:: TASK DETAILS ::
Please restate the data below word for word, omitting all images.

· · · · · · ·

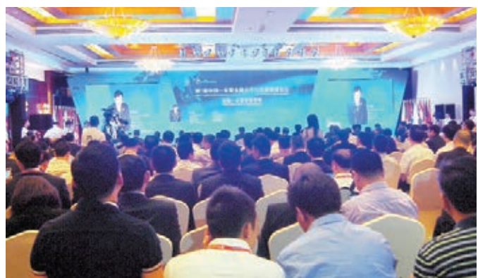
中國—東盟金融合作與發展領袖論壇在南寧召開。

前，廣西已開展9個東盟國家貨幣櫃檯掛牌交易，中國金融機構紛紛在南寧組建面向東盟的貨幣清算、結算及相關業務中心，東盟十國均與廣西開展了跨境人民幣結算業務。
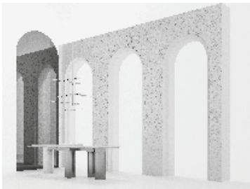
Merletto Bianco Sivec - pag. 36
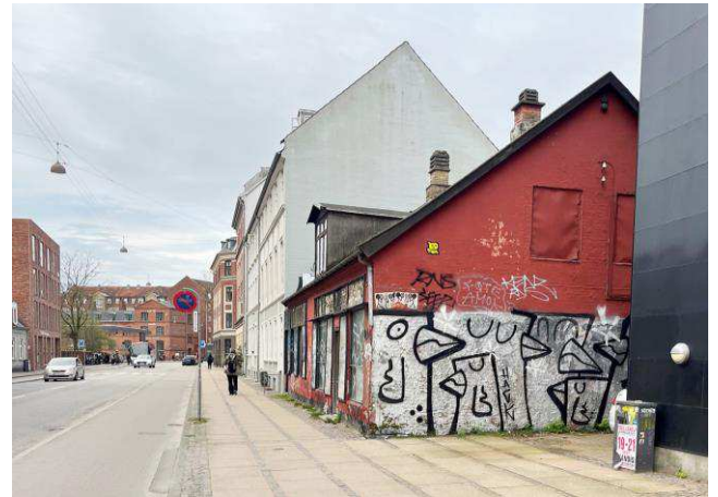
Forhuset set i retning mod Amagerbrogade og i relation til gadens skala.
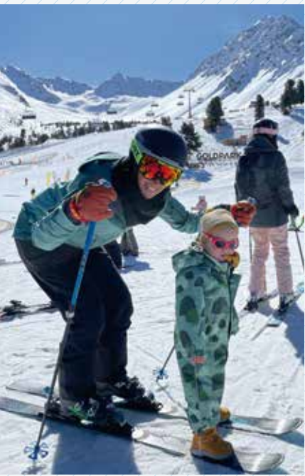
Früh übt sich: Diesen Winter ruft dann erstmals die Skischule.
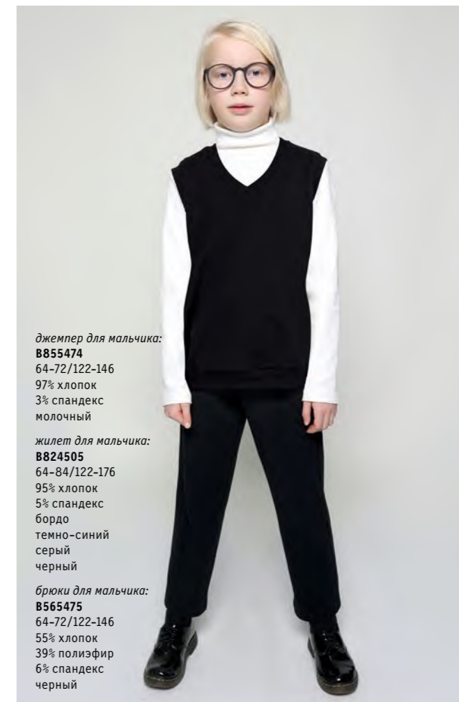
джерсер для мальчика: В855474 64-72/122-146 97% хлопок 3% спандекс молочный
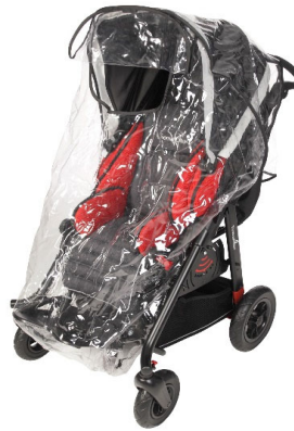
Funda completa lluvia transparente
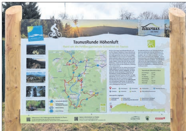
Die Portaltafeln entlang der Taunusroute Höhenluft präsentieren die charakteristische Silhouette des hohen Taunus mit seinen markanten Gipfeln und dem weithin sichtbaren Fernmeldeturm.

Die Portaltafeln entlang der Route präsentieren die charakteristische Silhouette des hohen Taunus mit seinen markanten Gipfeln und dem weithin sichtbaren Fernmeldeturm. Diese Darstellung wird zukünftig auf allen Portaltafeln verwendet, um eine einheitliche visuelle Identität zu schaffen. Neben einer übersichtlichen Karte zur Wegeführung wird die Tafel durch Höhenprofil, Routenhighlights und eine passende Bildergalerie ergänzt. Die Route selbst ist durch eine zweifarbige Plakette markiert, welche das Logo des Routennetzes der Taunus-Runden in der linken oberen Ecke abbildet.
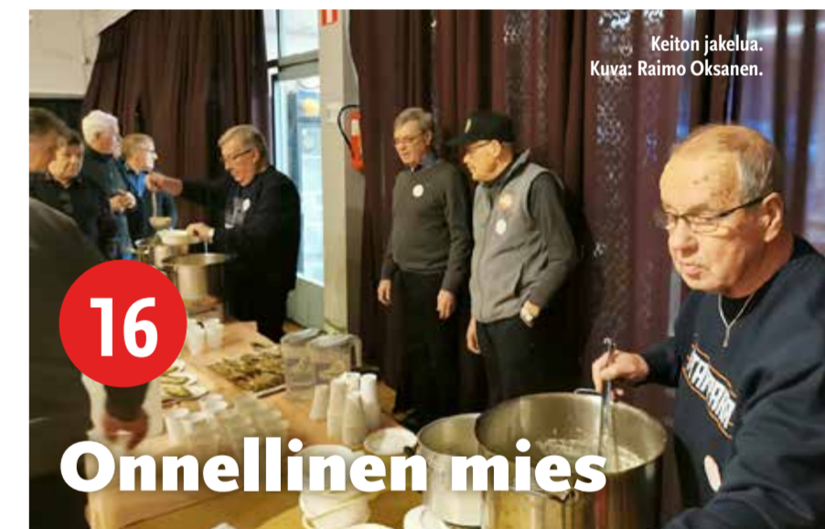
Keiton jakelua.
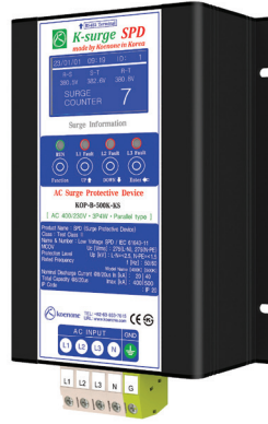
제품리스트 B-2 (W)140 x (L)216 x (H)90
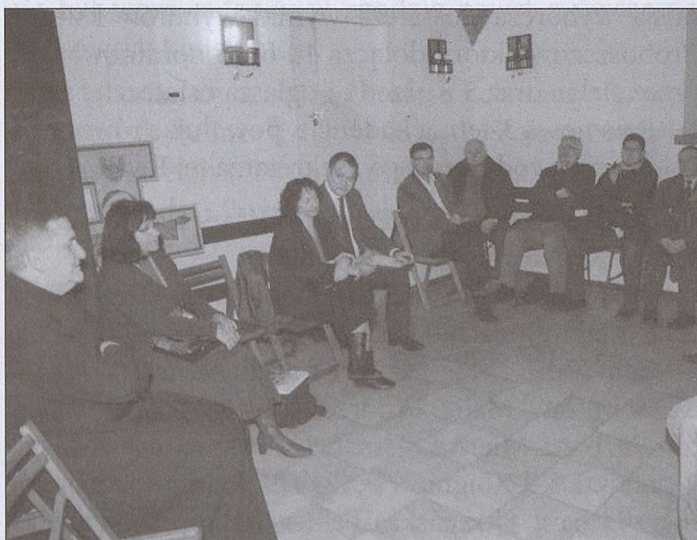
Spotkanie DRP – 18.11.2012 r.
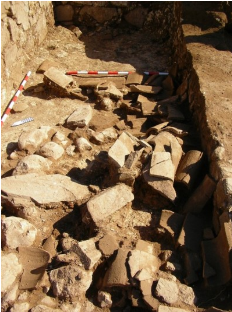
Enderroc de teules de Can Tacó. Foto: Equip Can Tacó (2020).

4. Arqueologia i arqueometria. Potencial i aportacions a l'estudi d'elements constructius de dos assentaments de la primera romanització (s. II aC). Esther Rodrigo (Universitat Autònoma de Barcelona, UAB), Núria Romaní (ICAC-UAB) i Anna Gutiérrez (ICAC).
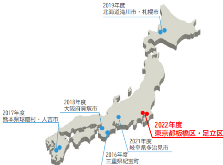
タイムライン防災・カンファレンス開催地

· · · · · · ·

:: EXERCISE SOLUTION ::
中國—東盟金融合作與發展領袖論壇在南寧召開。

前，廣西已開展9個東盟國家貨幣櫃檯掛牌交易，中國金融機構紛紛在南寧組建面向東盟的貨幣清算、結算及相關業務中心，東盟十國均與廣西開展了跨境人民幣結算業務。
Merletto Bianco Sivec - pag. 36
Forhuset set i retning mod Amagerbrogade og i relation til gadens skala.
Früh übt sich: Diesen Winter ruft dann erstmals die Skischule.
джерсер для мальчика: В855474 64-72/122-146 97% хлопок 3% спандекс молочный
Funda completa lluvia transparente
Die Portaltafeln entlang der Taunusroute Höhenluft präsentieren die charakteristische Silhouette des hohen Taunus mit seinen markanten Gipfeln und dem weithin sichtbaren Fernmeldeturm.

Die Portaltafeln entlang der Route präsentieren die charakteristische Silhouette des hohen Taunus mit seinen markanten Gipfeln und dem weithin sichtbaren Fernmeldeturm. Diese Darstellung wird zukünftig auf allen Portaltafeln verwendet, um eine einheitliche visuelle Identität zu schaffen. Neben einer übersichtlichen Karte zur Wegeführung wird die Tafel durch Höhenprofil, Routenhighlights und eine passende Bildergalerie ergänzt. Die Route selbst ist durch eine zweifarbige Plakette markiert, welche das Logo des Routennetzes der Taunus-Runden in der linken oberen Ecke abbildet.
Keiton jakelua.
제품리스트 B-2 (W)140 x (L)216 x (H)90
Spotkanie DRP – 18.11.2012 r.
Enderroc de teules de Can Tacó. Foto: Equip Can Tacó (2020).

4. Arqueologia i arqueometria. Potencial i aportacions a l'estudi d'elements constructius de dos assentaments de la primera romanització (s. II aC). Esther Rodrigo (Universitat Autònoma de Barcelona, UAB), Núria Romaní (ICAC-UAB) i Anna Gutiérrez (ICAC).
タイムライン防災・カンファレンス開催地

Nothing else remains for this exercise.